Should You be Concerned about a Natural Disaster in 2022?

CORE Public Adjuster Should We Be Concerned for Natural Disasters in 2022

Many areas in Florida have seen colder-than-average temperatures this month, and you might be wondering about the chances of other weather-related surprises this year. Of course, a few cooler days in winter are gladly welcomed by many, but the thought of a year full of storms, tornadoes, hurricanes, flooding, and wildfires can be unnerving, to say the least. Should you be concerned about a natural disaster in 2022?

Although no one can predict what the weather will bring months into the future, experts do rely upon research, patterns, and trends. Over the last 100 years, extreme weather events have become more common. In fact, one report showed that for the 1980 – 2020 time period, an average of seven events per year led to billion-dollar disasters. [1] However, for 2016 – 2020, an average of 16 events per year led to billion-dollar disasters. That is a substantial increase.

According to the National Oceanic and Atmospheric Administration (NOAA), 2020 was a “historic year of extremes.” [2] There were 22 separate billion-dollar natural disasters across the U.S. The 22 events cost a combined $95 billion in damages.
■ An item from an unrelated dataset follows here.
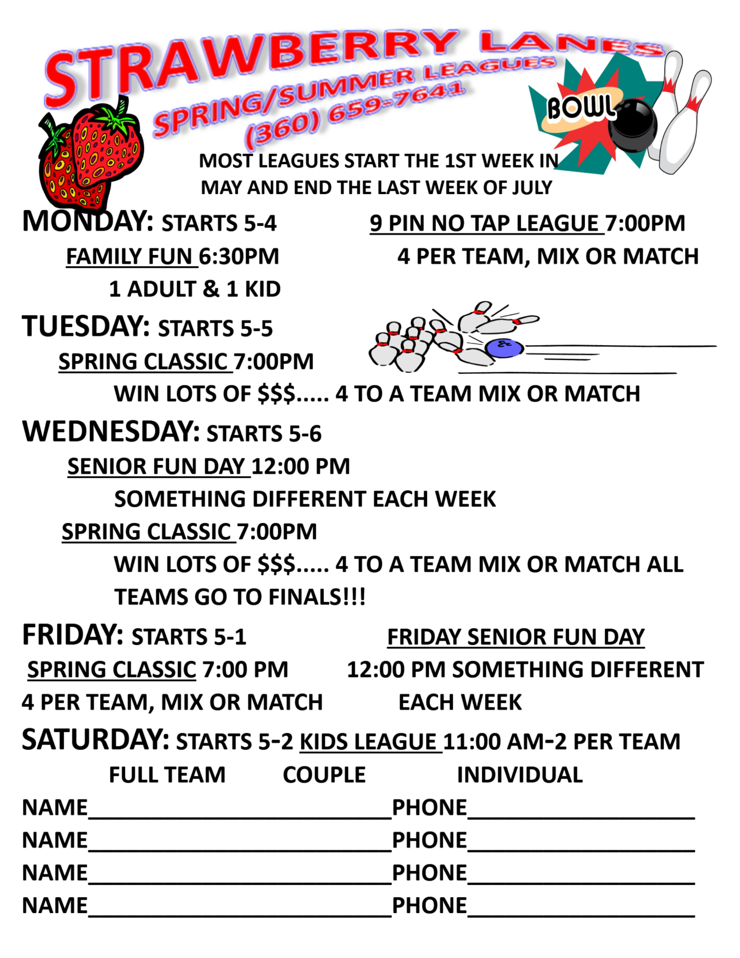 Whether you're new to the sport or a seasoned bowler, Strawberry Lanes makes it easy to find the league to match your interests and skill level. With family, kids, senior, specialty leagues and more — we've got a league for everyone! Invite a group of family, friends or co-workers and we'll help you start your own league.

Considering the risk of being hit by a hurricane or tropical storm, Floridians should always keep in mind that the threat of a natural disaster is very real for at least half of the year. The hurricane season lasts for six months, from June 1 to November 30. During this time, property damage can occur from wind, storm surge and flooding. Winds can tear apart roof structures, uproot trees, blow out windows, and cause rain to enter your home. In the strongest hurricanes, storm surge can be as high as 25 feet above normal water levels. For those living along the coastline, the combination of rising water and strong waves is often destructive. [3]

Prepare Now for the 2022 Hurricane Season

The Florida Department of Emergency Management suggests preparing natural disaster action plans as far in advance of a hurricane as possible and having answers for the following questions:

  • How will I receive emergency alerts and warnings?
  • What is my shelter plan?
  • What is my evacuation route?
  • What is my family/ household communication plan? [4]

Along with emergency action plans and management of worst-case scenarios, it is best to understand how your property is insured for natural disasters and where to go for help.

Experts at CORE Public Adjusters have designed a Complete Guide to Property Insurance to answer many of your questions about insuring for natural disasters. The guide includes helpful information on types of coverage, tips for buying a policy, important terminology, filing a claim, and more. The Complete Guide to Property Insurance is free.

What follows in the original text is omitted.